DELETE is implemented similar to POST. The DELETE script must also be in the parent directory of the resource to delete. For example, for deleting comments:
$ curl -X DELETE http://localhost/comments/1
Here's a simple (but unsafe) implementation of DELETE:
$ cat > comments/DELETE
#!/usr/bin/env bash -e
rm -rf $1
$ chmod +x DELETE
The first argument ($1) is the basename of the resource to delete (just as with PUT). Since DELETE requests deletion of an entire resource and not just a single representation, there is no representation environment variable.
Build fsrest with cabal install or with nix build.

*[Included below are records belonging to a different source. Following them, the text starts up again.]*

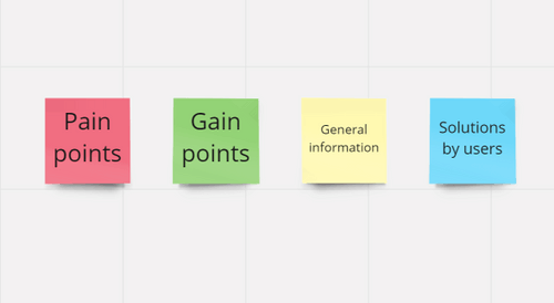 In total, we interviewed 33 people interested in pets, and obtained more than 200 pieces of information that we divided into pain points (red), gain points (green), relevant facts without value judgment (yellow) and solutions offered by users (blue).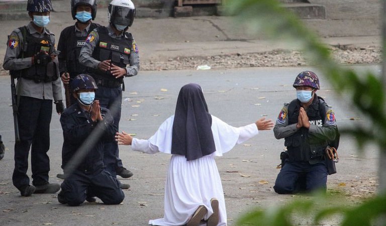 La imagen de la monja católica con un simple hábito blanco, con las manos extendidas, suplicando a las fuerzas de la nueva junta del país mientras se preparaban para reprimir una protesta se ha vuelto viral y le ha valido elogios en el país de mayoría budista.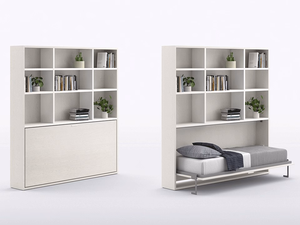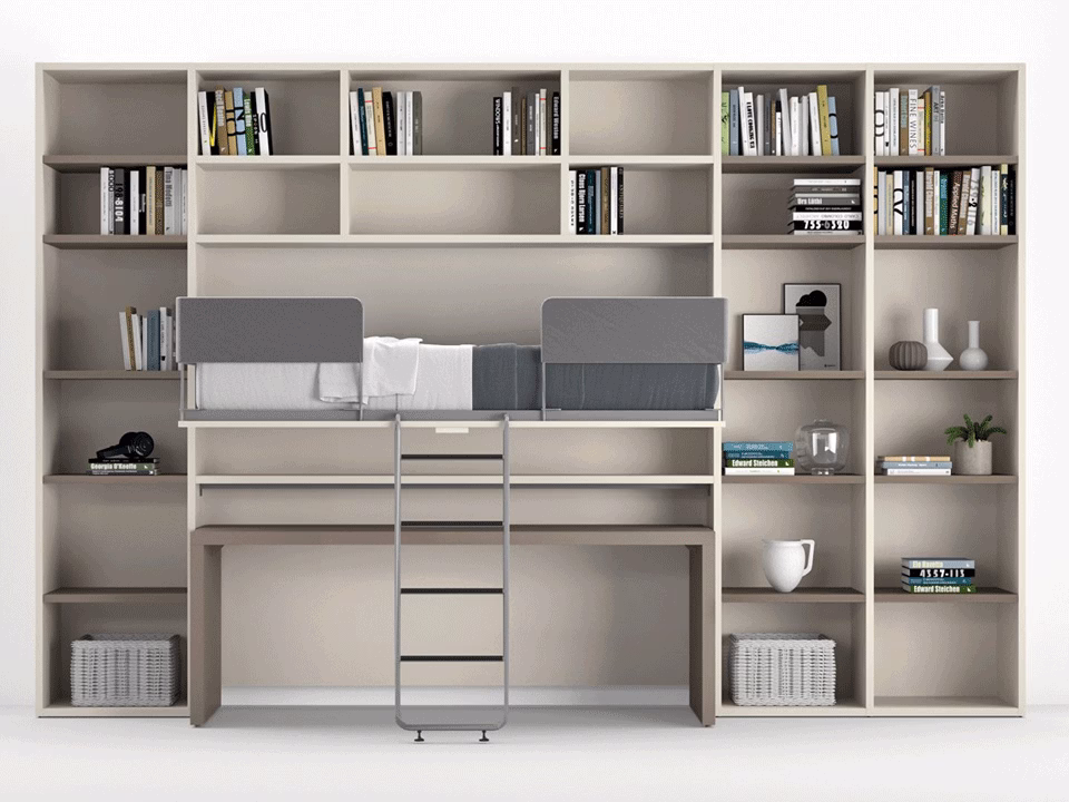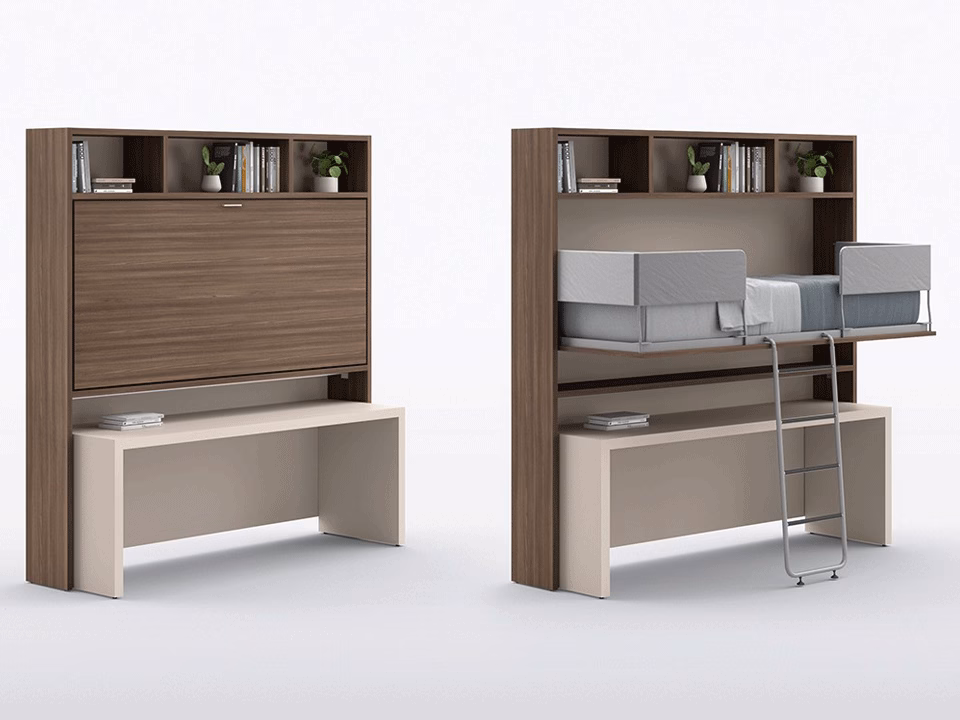 Functional solutions to cater to different space requirements, the beds with drop-down mechanism have outer panels available in any finish from the catalogue.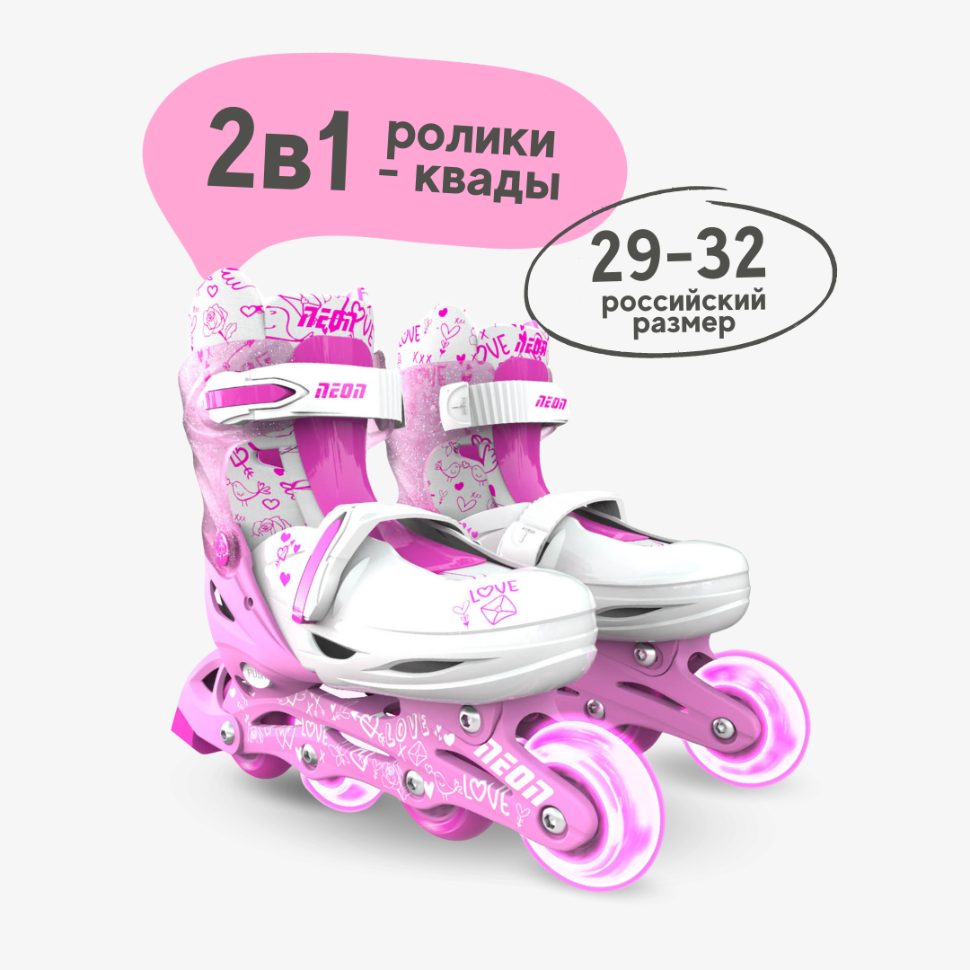 Купить Роликовые коньки YVolution Neon Combo Skates, розовый (размеры 29-32), раздвижные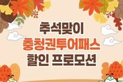 브릿지저널 김경미 기자 | 충청광역연합(연합장 김영환)은 민족 대명절 추석을 맞아 충청권 대표 관광상품 ‘충청권투어패스’의 특별 할인 프로모션을 진행한다고 밝혔다. 충청권투어패스는 대전·세종·충북·충남 4개 시·도의 주요 관광지를 하나의 패스로 편리하게 즐길 수 있는 통합 이용권이다. 평상시에도 관광지 정상 요금 대비 약 50% 저렴하게 이용할 수 있는 합리적인 관광상품이면서 전체 가맹점 중 이용객이 원하는 관광지를 자유롭게 선택할 수 있는 장점이 있다. 이번 프로모션에서는 충청권투어패스 ‘빅2(2곳 이용권)’ 상품을 정상가 29,900원에서 2만원 할인된 9,900원에 제공한다. 판매 수량은 총 3천 매 한정이며, 9월 26일부터 10월 12일까지 네이버 스마트스토어를 통해 구매할 수 있다. 사용 기한은 10월 31일까지다. 한편, 충청광역연합은 충청권투어패스의 상품 경쟁력 강화를 위해 관광지나 체험시설 뿐 아니라 식음료 업종(카페 등)까지 신규 가맹점 모집을 확대하고 있다. 가맹점으로 등록하면 투어패스 공식 채널 홍보와 주요 온라인 판매망 연계 등 다양한 혜택을 누릴 수 있어 관광객 유입 효과가 기대된다.

Start fsrest and provide it with the directory that you want to serve and give it an address and port number to listen on:
fsrest /var/www 0.0.0.0 80
You can test with the provided example directory.
fsrest example localhost 8080
module.nix provides a way for you to declaratively install and configure fsrest on a NixOS system.
Here are some current limitations that might be removed in later versions.
- Language negotiation based on
Accept-Languageis not implemented. - I recommend proxying requests to fsrest via a more mature web server for sanitization, logging and to enforce limits.
This is probably happening because the file is marked as executable and fsrest is trying to execute it (and failing).
You likely have a static file marked as executable (which is failing to parse as a script).
If content negotiation (based on the request's Accept header) turns up multiple equally-good results, fsrest will respond with HTTP error code 300 ("Multiple Choices"). This is most likely to happen when a browser makes a request with Accept: */*. You can set a default representation for these situations by symlinking the preferred representation to a file named GET.